Current status of early gastric cancer screening research
=========================================================

* Can Hu
* Li Yuan
* Xiangdong Cheng

Gastric cancer is a predominant threat to the health and well-being of China’s residents. Data from the World Health Organization (WHO) in 2020 revealed that gastric cancer in China notably accounted for 44.0% of new cases worldwide and 48.6% of global deaths attributed to this malignancy1. In China, gastric cancer is the fourth most prevalent malignancy in terms of incidence among malignant tumors and the third leading cause of mortality2. This dire scenario poses a profound threat to health and longevity, and thus poses a substantial and pressing public health concern in China.
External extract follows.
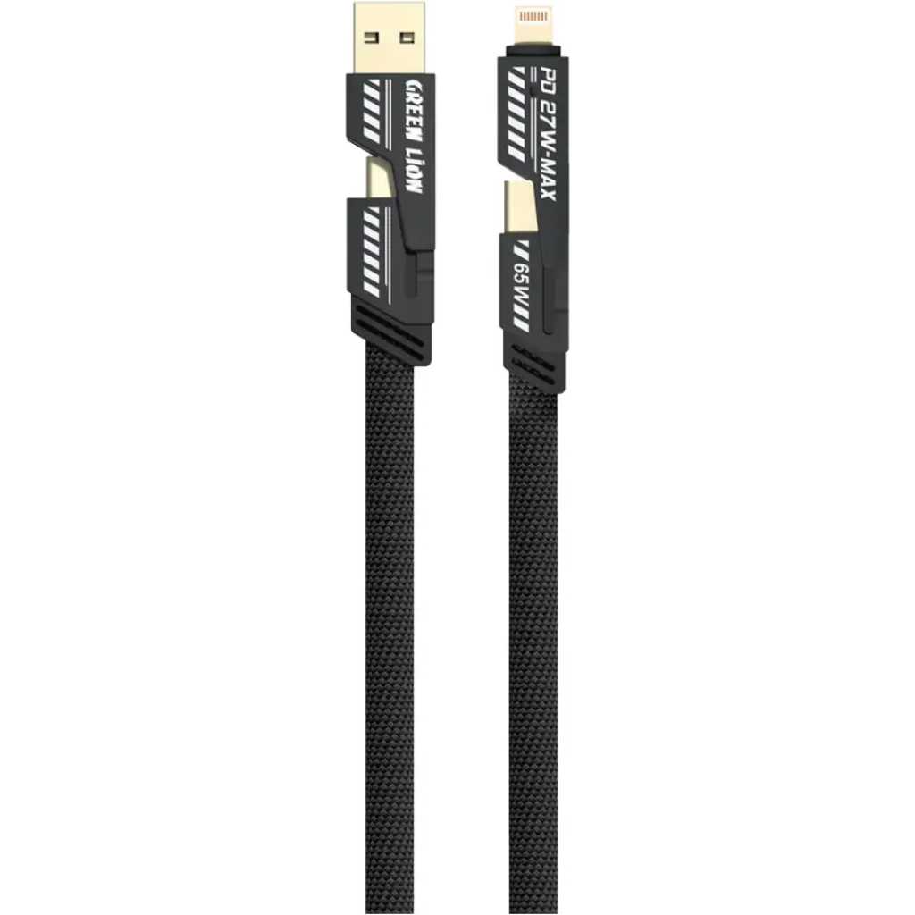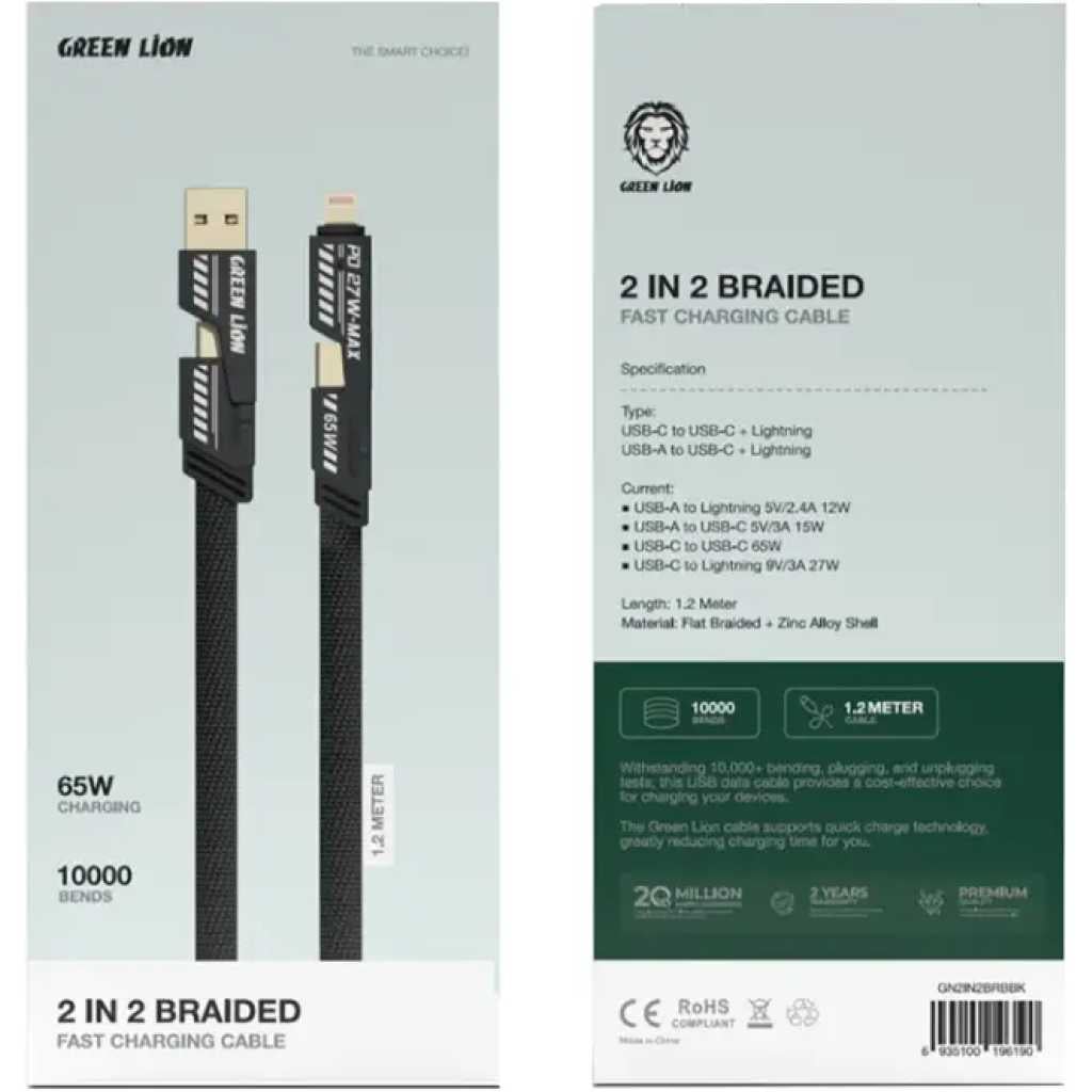 The Green Lion 2 in 2 Braided Cable-1.2m 65W, C to C+L and A to C+L: It is a flexible and high-performance charging solution for fast charging and data transfer, supporting multiple connections with USB-C to USB-C + Lightning and USB-A to USB-C + Lightning compatibility. The 65W output will provide quick charging for most devices, while the transfer speed of 480 Mbps does its job for data synchronization. This product is equipped with a flat braid cable and zinc alloy shell; it is durable, anti-tangle, safe, and secure for broad compatibility, making it one of the most essential daily-use accessories. Key Features: Type: -USB-C to USB-C + Lightning

The prevention and control of gastric cancer is thus a formidable challenge in the broader landscape of controlling malignant tumors in China. In this perspective, we discuss current methods of diagnosis and screening for gastric cancer (**Figure 1**).
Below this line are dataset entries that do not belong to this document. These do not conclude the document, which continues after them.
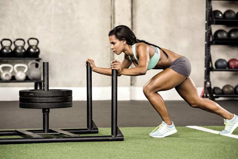 슬레드에 원하는 중량을 끼우자. 슬레드 뒤에 서서 양손에 손잡이를 하나씩 잡자. 최대한 빠르게 슬레드를 앞으로 밀자. 다리 전체로 힘을 내자. 무릎과 엉덩이를 펴는 동작에 집중하면서 슬레드를 밀자. 정해진 시간 동안 계속하자.
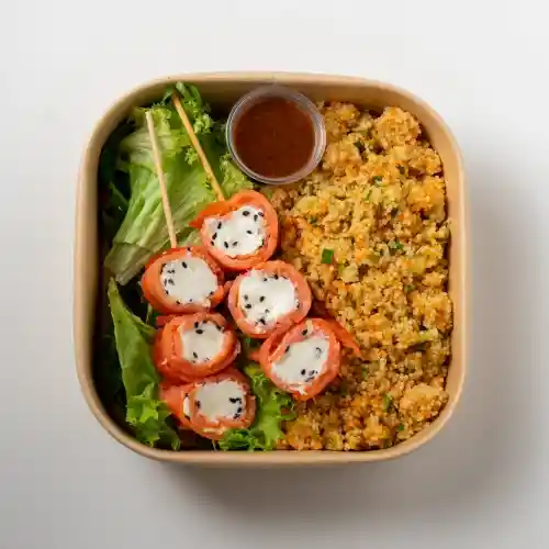 Disfruta de una ensalada fresca y sabrosa con brochetas de salmón ahumado acompañadas de couscous de colores, zapallo italiano, mix de hojas verdes y un toque de limón. Aderezada con un delicioso dressing balsámico y aceite de oliva, esta ensalada se completa con semillas de zapallo maravilla tostada y un toque de ciboulette. Una opción perfecta, ligera y llena de sabor.
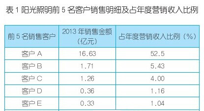 陽光照明2013年年報顯示,其前5名客戶的收入占整體收入的64.13%,達到20.32億元。其中最大的客戶業(yè)績貢獻比例達到52.50%,達到16.63億元(見表1)。
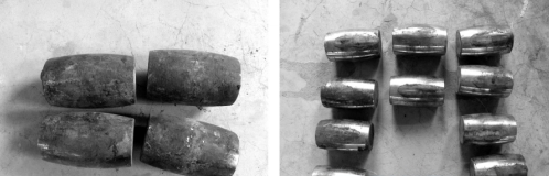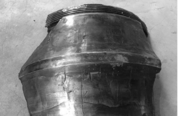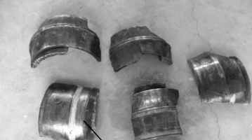 此調(diào)心滾子軸承在運轉(zhuǎn)過程中導(dǎo)致嚴重損壞,內(nèi)圈表面嚴重?zé)齻罱K導(dǎo)致軸承失效,無法使用。圖1為此軸承的整體外圈,圖2為此軸承內(nèi)圈碎片及軸套外觀,圖3位此軸承的滾子表面圖,圖4為此軸承的保持架。

![Figure 1](http://www.cancerbiomed.org/https://www.cancerbiomed.org/content/cbm/21/3/218/F1.medium.gif)

[Figure 1](http://www.cancerbiomed.org/content/21/3/218/F1)

Figure 1 
Current methods of gastric cancer screening. Current screening methods for gastric cancer include endoscopic screening, *Helicobacter pylori* detection, peripheral blood marker detection (ctDNA, ncRNAs, proteins, metabolites, etc.) and the application of artificial intelligence in medicine.
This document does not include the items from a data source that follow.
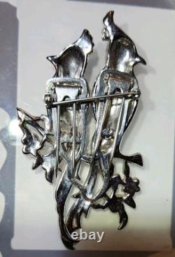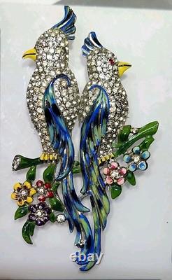 This is a CORO Brooch of 2 "lovebirds" or cockatiel birds. I believe this to be from the 1940's and made of enamel and rhinestone. There is no damages on this piece and it can come apart and turn into 2 separate brooches!!! Willing to negotiate on the price also I have MANY OTHER PIECES for sale or to do a bundle on.
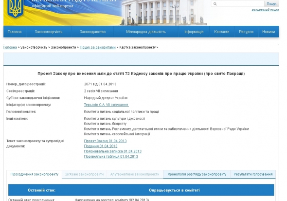 Депутат від "Батьківщини" Сергій Терьохін таки зареєстрував у Верховній Раді проект постанови про запровадження свята "Пакращі".
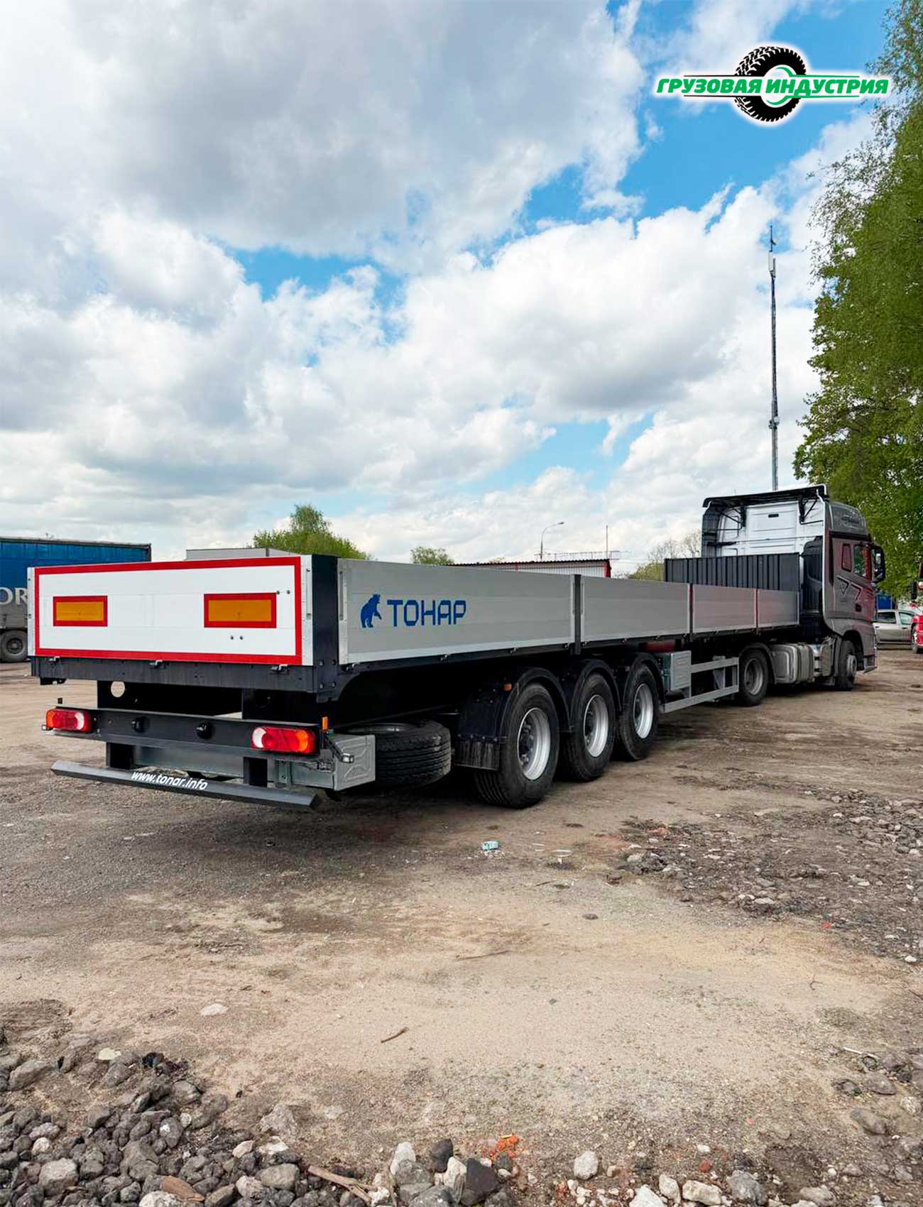 Отгрузка сцепки тягач FAW J7 4x2 и полуприцепа бортовая платформа Тонар B3-13K в Москву 7 мая 2025г.
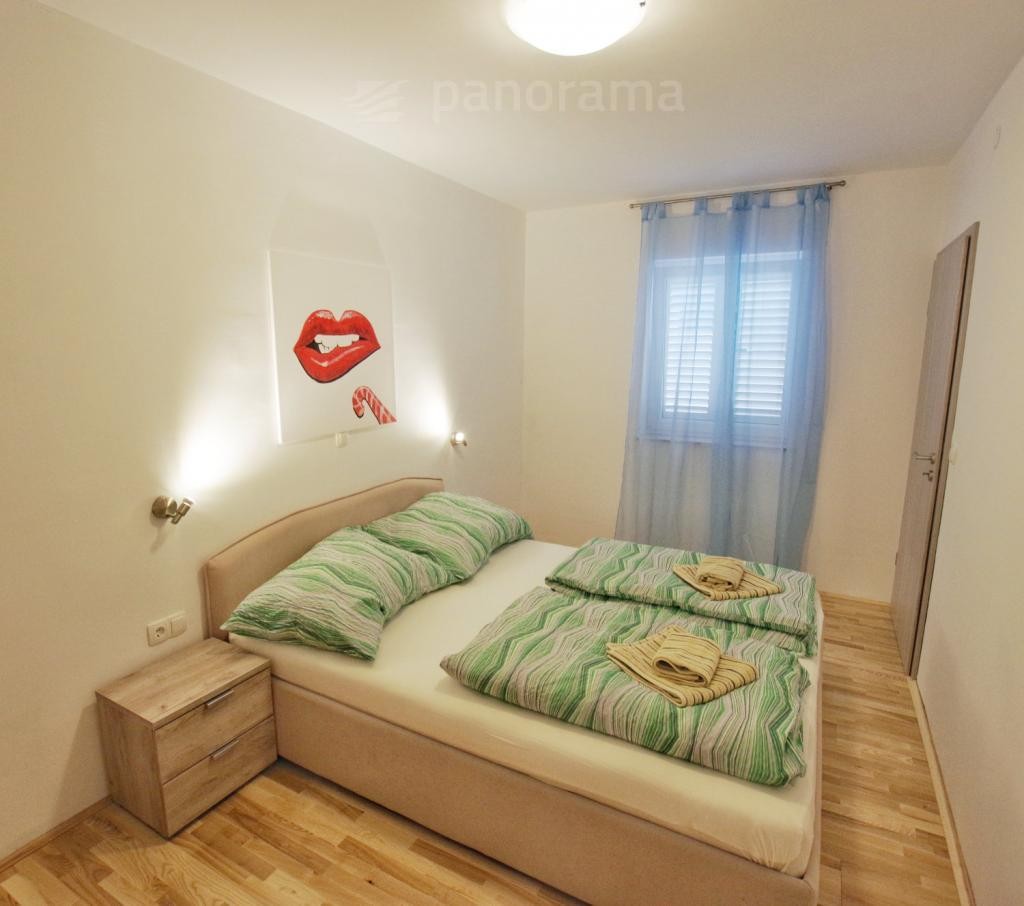 Ima skupno površino 450 m2, razteza se v 3 etažah in ima 6 stanovanj. Trije apartmaji so sestavljeni iz opremljene kuhinje z jedilnico in dnevne sobe, iz katere je izhod na prostoren balkon z nepozabnim pogledom na morje in zelenje. Na voljo sta tudi dve spalnici, dve kopalnici in WC za goste. Ti večji dvosobni apartmaji lahko sprejmejo 4-6 gostov.
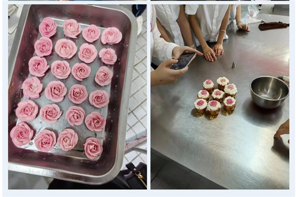 同学们通过体验西点烘焙项目,学习纸杯蛋糕制作的全过程,以及装饰的美学法则,锻炼生活实践能力。
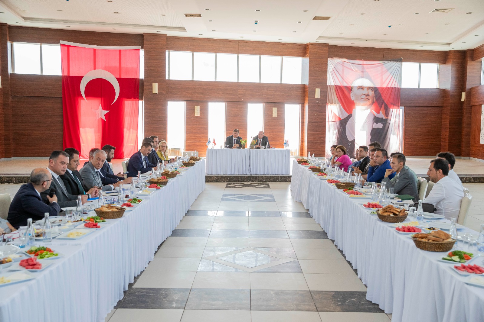 İlçe belediye başkanları ile sık sık görüştüklerini ancak ilçelerin ihtiyaçları ile ilgili daha geniş katılımlı görüşme ve değerlendirme toplantılarını periyodik olarak yapma kararı aldıklarının altını çizen Başkan Tugay, “Büyükşehir Belediyesi ile ilçe belediyeleri tam bir uyum içinde görev yapacak. Birbirinden ayrı belediyeler gibi değil birbirini tamamlayan belediyeler olacak. Bu konuda üzerimize düşen neyse yapacağız. Göreve başladığımız günden bugüne kadar çok iyi bir süreç geçirdik. Bu yakınlığı kurduğumuzu düşünüyorum. Zaman içinde çok daha yakın çalışacağız. Ben ve Büyükşehir Belediyesi’nde görevli olan arkadaşlarımız sizi her konuda dinlemeye, elimizden geleni yapmaya hazırız” dedi.

## Current status of gastric cancer screening

Japan and Korea, regions with high incidence of gastric cancer (GC), have initiated early GC screening research and have already achieved substantial progress. The diagnosis and treatment rates for early GC in those countries have reached 70% and 50%, respectively3. Therefore, despite Japan and Korea’s elevated GC incidence, their ratio of mortality to incidence is significantly lower than that in China and Western countries, as a result of their national screening strategies. In 2016, the Japanese government officially decided to include endoscopic screening for GC, targeting the population of individuals 40 years or older. However, because of the uneven distribution of medical resources, endoscopic screening was initially limited to cities with relatively abundant medical resources. Conducting direct GC examinations for the target population in areas with limited medical resources still presents challenges4. In Korea, the national cancer screening program has offered biennial gastroscopy or barium meal screening opportunities for individuals 40 years or older since 20025. Since the implementation of this program, the GC screening rate in Korea increased from 12.7% in 2002 to 43.9% in 20126. In 2005, the Chinese Ministry of Health launched the Cancer Early Diagnosis and Treatment Program in rural areas with high incidence of malignant tumors, with a specific emphasis on GC. In 2012, the Urban Cancer Early Diagnosis and Treatment Program was formally integrated into the national major public health service initiatives. China initiated an upper digestive tract cancer screening program targeting rural residents 40–69 years of age and urban residents 45–74 years of age. Before the screening, a questionnaire assessment is conducted, and gastroscopy screening is subsequently performed for high-risk individuals. However, because of large population sizes and relatively limited healthcare resources, implementing large-scale GC screening through gastroscopy is currently not feasible for the entire population. Further research and optimization are necessary to develop more tailored and context-specific screening methods.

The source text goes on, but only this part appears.